In more recently announced SOCs, a new low-power state has been introduced, namely the *PowerDown (PD)* state [3,4,6,8]. In this state the power to most of the SOC is removed, thus eliminating the leakage power experienced in the less efficient low-power states, such as the *ClockSuspend (CS)* state, where the SOC clock is globally stopped but the SOC is still powered. However, since it takes additional energy and time to transition into and out of the *PD* state as compared to the *CS* state, it is not always economical to exploit the *PD* state.

This paper presents a qualitative analysis of how much energy and latency is associated with dynamically exploiting the *PD* state (whenever the system is idling between system timer interrupts) and determines when it becomes economical to exploit the *PD* state over the *CS* state. From a systems usage perspective, the analysis represents a mostly idling system where most external devices to the SOC are shut down, or disabled. These devices only need to be woken up and restored when the user or the system explicitly needs them. So if a LAN interface is down and needs to be reinitialized, this will take extra time, and is not included in our analysis. However, this will be a rare event in the overall scheme of things (for an idling system), and the same can be said about the audio device and the display.

The paper is organized as follows. In Chapter 2 we will shed some more light on the low-power states of advanced SOCs. Then, in Chapter 3, we present the analysis of the energy and latency associated with exploiting the *PD* state. Chapter 4 shows the results of the analysis, and finally, in Chapter 5, we discuss when it becomes more

economical to exploit the PD state over the CS state.

# 2. Low Power States In Advanced System-On-a-Chip Processors

Advanced mobile System-On-a-Chip (SOC) processors [3-13] have multiple Power Management states. For a brief survey of some of these processors see [14]. The high-level configuration of advanced SOCs is shown in Figure 1.

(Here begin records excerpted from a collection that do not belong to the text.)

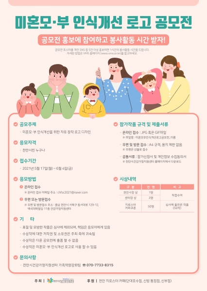 천안 시민이라면 누구나 참여할 수 있으며 응모작은 미혼모·부에 대한 인식개선 로고를 자유롭게 창작해 제출하면 된다.
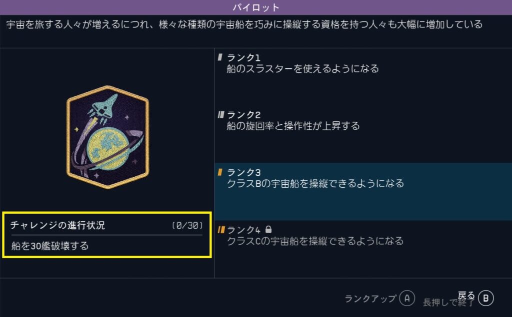 Cランクの宇宙船を操縦するにはパイロットのスキルを最大まで上げる必要があります。ただ、チャレンジの内容が「船を撃破する」となっていて、普通にプレイしていると中々に達成しにくい条件となっています。
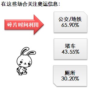 在本次调查中,有65.90%的手机人表示会在公交/地铁上关注奥运信息,43.55%表示会在堵车时关注奥运信息,特别的是,有30.20%的人会在厕所里关注奥运信息。手机让人们的碎片时间得以更充分地利用,奥运填补了人们的每一细小时间碎片。
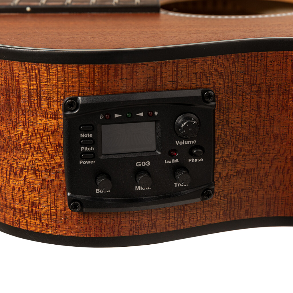 Equipped with an under-saddle transducer and preamp system, it features EQ controls (bass, middle, treble), master volume, built-in chromatic tuner, phase switch, and low battery indicator—giving you full control over your amplified sound.
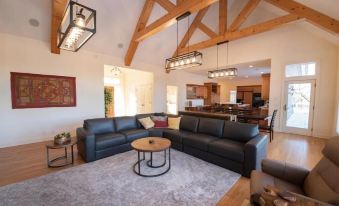 Enter the front door and take in the spaciousness of the open floor plan combining the living, dining and kitchen. Take some deep breaths as you look up at the 20 ft high ceilings. Sit by the gas fireplace and look out the massive windows at nature that surrounds you all around. Hungry and creative? Our well-stocked gourmet kitchen has 2 ovens, additional warming oven, 6 burners, 3 sinks, reverse osmosis drinking water, center island with 5 bar stools. Watch the wildlife as you prepare your favorite dish.
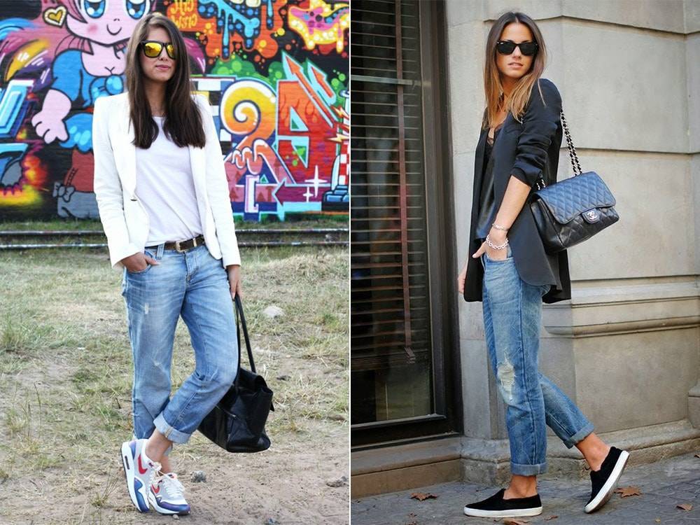 Джинсы бойфренды с кроссовками и кедами
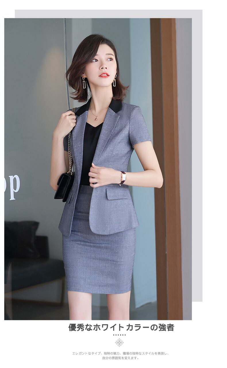 【新作】【送料無料】 ビューティーサロンインタビューフロントデスク作業服通勤半袖スーツジャケットハーフレングススカートツーピースドレス女性-アリババ ショート ハーフスリーブ 12b344908152772

**Figure 1.** Typical high-level architecture of advanced SOC processors. The lines branching out from the PLL represents the clock tree. The grayed areas represent peripheral cores (LCD controller, UART, SDRAM controller, etc.) Every component in this figure has only illustrative and qualitative meaning.

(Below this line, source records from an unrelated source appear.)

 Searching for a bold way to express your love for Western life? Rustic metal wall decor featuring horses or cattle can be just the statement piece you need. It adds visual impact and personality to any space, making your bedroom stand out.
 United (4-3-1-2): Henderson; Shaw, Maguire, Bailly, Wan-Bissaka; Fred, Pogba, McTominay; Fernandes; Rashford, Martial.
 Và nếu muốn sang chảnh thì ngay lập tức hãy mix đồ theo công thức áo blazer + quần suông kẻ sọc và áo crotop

An SOC is composed of several cores which each carries out a specific function. Some of the key cores we shall reference in the following are the Advanced Power Management (APM) core, the on-chip system oscillator (OSC) core, the Phase-Locked Loop (PLL) core, and the CPU core. The remaining cores are collectively referred to as "peripheral" cores. We shall also refer to the D- and I-caches (denoted as Caches in the figure) and which are part of the CPU core. Finally, we will refer to various parts of the clock distribution tree (also shown in the figure). The main issue with the clock tree is that the clock frequency may be different from core to core, as illustrated in Figure 1. Most importantly, the CPU usually runs at a faster clock frequency than any of the peripheral cores. The PLL generates all of the high-speed clocks to the CPU core, to the peripheral cores and to the local SOC bus. The APM employs its own low-speed high-precision oscillator and typically runs at 32 kHz. The oscillator is used for maintaining the real-time clock (RTC), the local RTC timer and to keep the Interrupt Controller Unit operational. The latter enables devices such as the RTC timer and external devices to wake-up the SOC.

Advanced SOCs may have all or some of the power states listed in Table 1. The way these low power states are implemented, and what they actually do when they are toggled, differs somewhat from processor to processor.

In the Idle state the clock to the CPU core is stopped, but other peripheral cores remain clocked. Basically all processors have this state, which is also sometimes referred to as the halt state. Most advanced SOCs also have a global ClockSuspend (CS) state in which the clock is globally stopped to all cores. The only core that remains active is the APM unit. The logical state in the cores is preserved. Some processors optionally allow the programmer to keep the OSC running. The benefit of this is that only the PLL lock-in time delay is experienced upon exiting this state (which may range from 50-200 us.) If the OSC is stopped, it takes significantly longer to exit this state, since it takes somewhere between 1-10 ms for today's high-speed OSC to stabilize, assuming the OSC uses a crystal for reference. An older processor such as EP7312 [13] may take up to 250 ms to exit out of the CS state.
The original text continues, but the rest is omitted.